Nessuno va messo in croce. Chi più e chi meno di croci ne abbiamo tutti addosso.
Come far passare le cose sostanziali? Con tanto amore. Poi come viene viene.
L’importante è non spezzare mai (casalinga o industriale che sia) il loro calcolo economico, ma casomai sostenerli nell’autonomia d’algoritmo perché da soli rendano migliore la loro vita.
Fortunatamente o meno, tra non molto, l’implosione del sistema ci toglierà dal quotidiano alcune ambiguità anche involontarie.
Sono poche le persone che non sopportano il giogo e queste lottano tutti i giorni per conquistare la libertà.
E’ un’indole che non tutti hanno.
Indole di una piccola minoranza anche nei paesi occidentali. Figuriamoci altrove.
https://it.wikipedia.org/wiki/Esperimento_di_Asch
Credo nell’unicità dell’Occidente. L’individualismo è il carattere più notevole dell’Occidente in un mondo che tende al collettivismo.
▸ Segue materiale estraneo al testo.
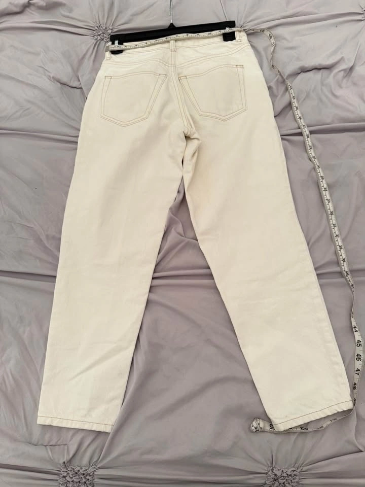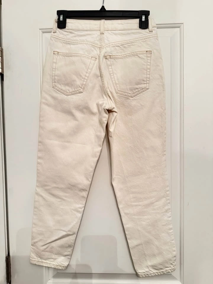 Classic high-rise mom fit in a clean off-white wash with 5-pocket styling and button/zip closure. Easy to dress up or down—perfect with sneakers, boots, or a blazer.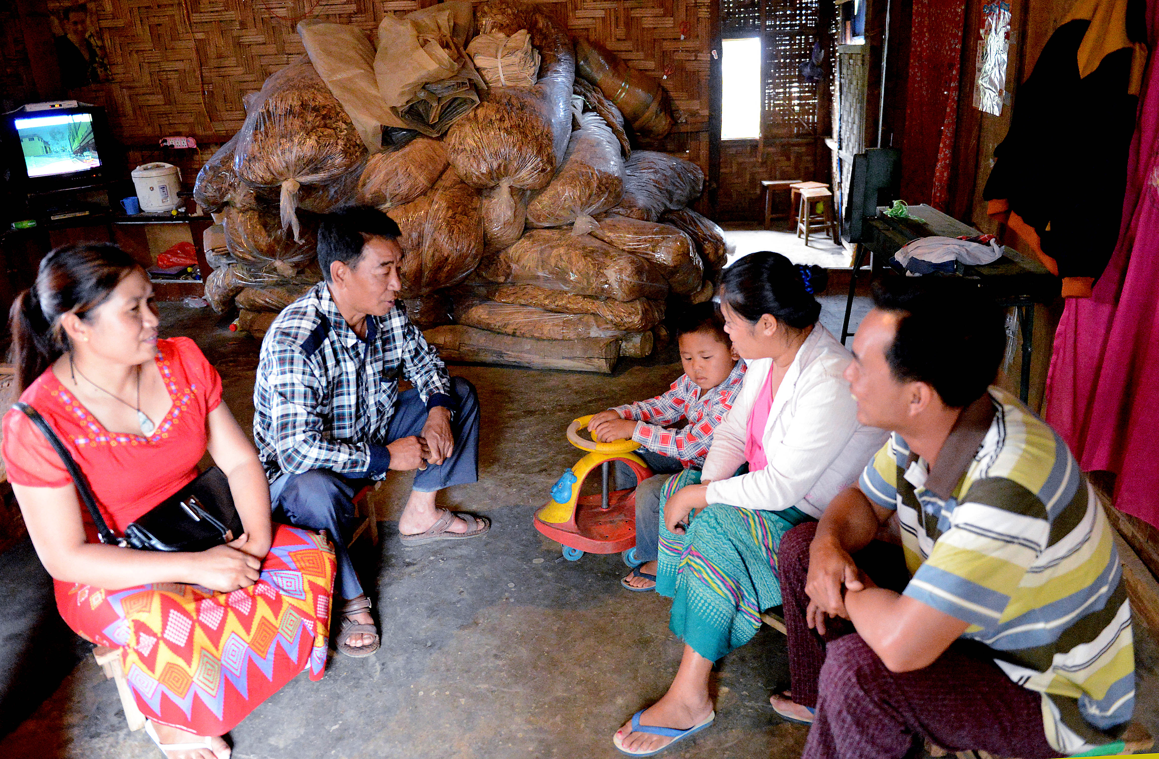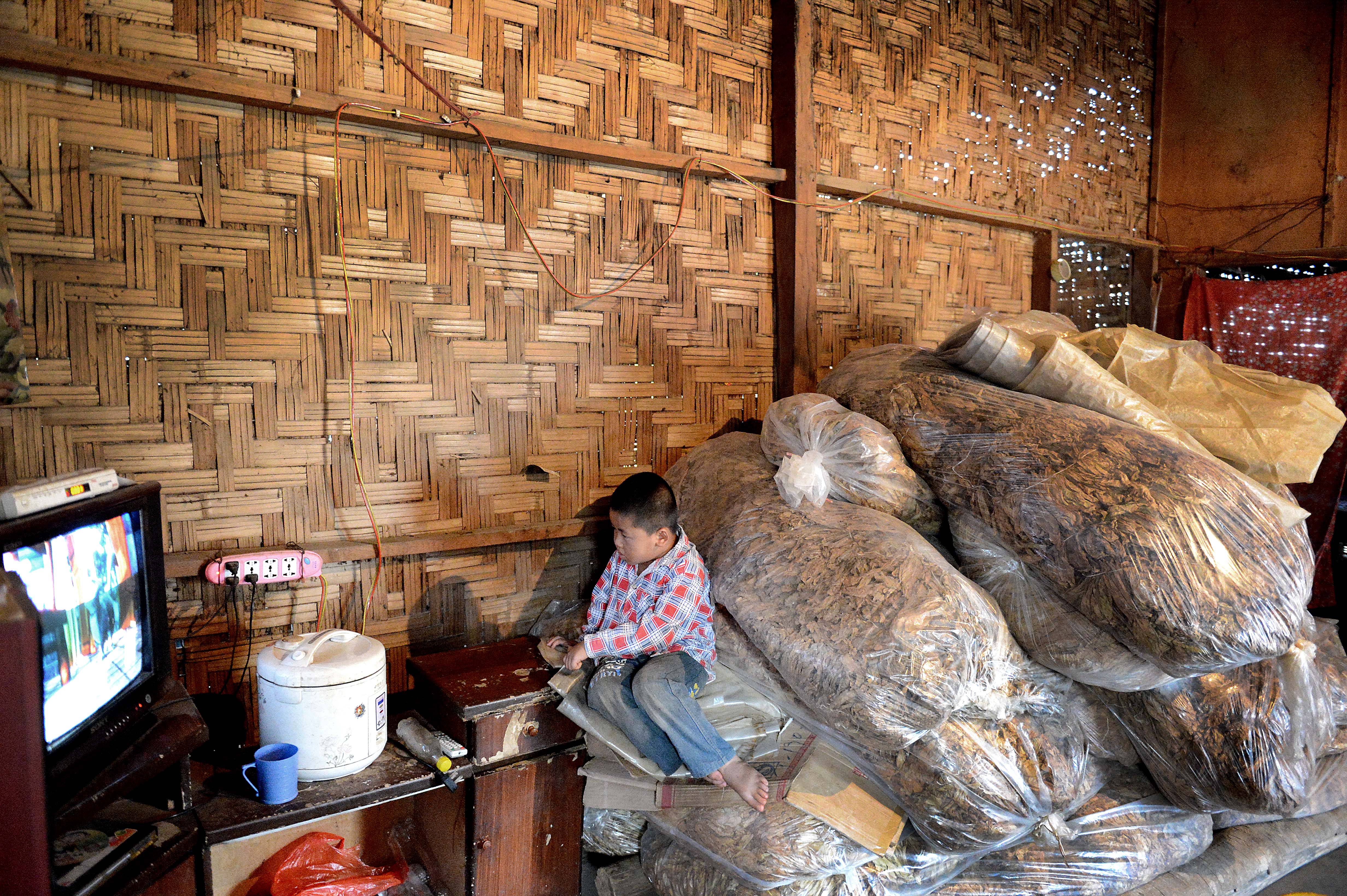 5岁的福瑞倚靠在烟草袋子垛成的烟草堆上,伸着脖子看墙角上一台21英寸老式电视机播放的动画片??吹接锌腿私?,便光着脚跑到妈妈的身后,抱着妈妈的腿偷偷地观察着陌生的客人。
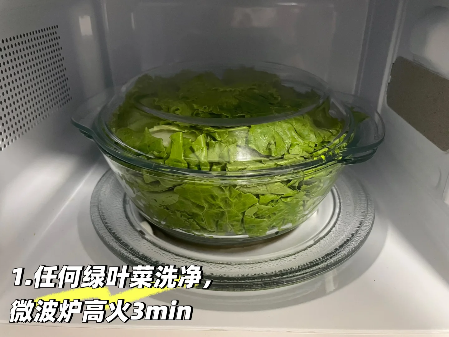 可以将绿叶蔬菜清洗干净之后,微波炉高火三分钟,然后取出来,用酱油,盐,蒜末简单拌一拌就可以吃了。

I popoli dell’Asia settentrionale pur intelligenti sono più conformisti rispetto ai popoli occidentali (in modo particolare quelli dell’Europa nord-orientale).
http://www.ncbi.nlm.nih.gov/pmc/articles/PMC2842692/
Con i cambiamenti demografici in corso è prevedibile che l’Occidente somigli sempre di più al resto del mondo, collettivista e autoritario.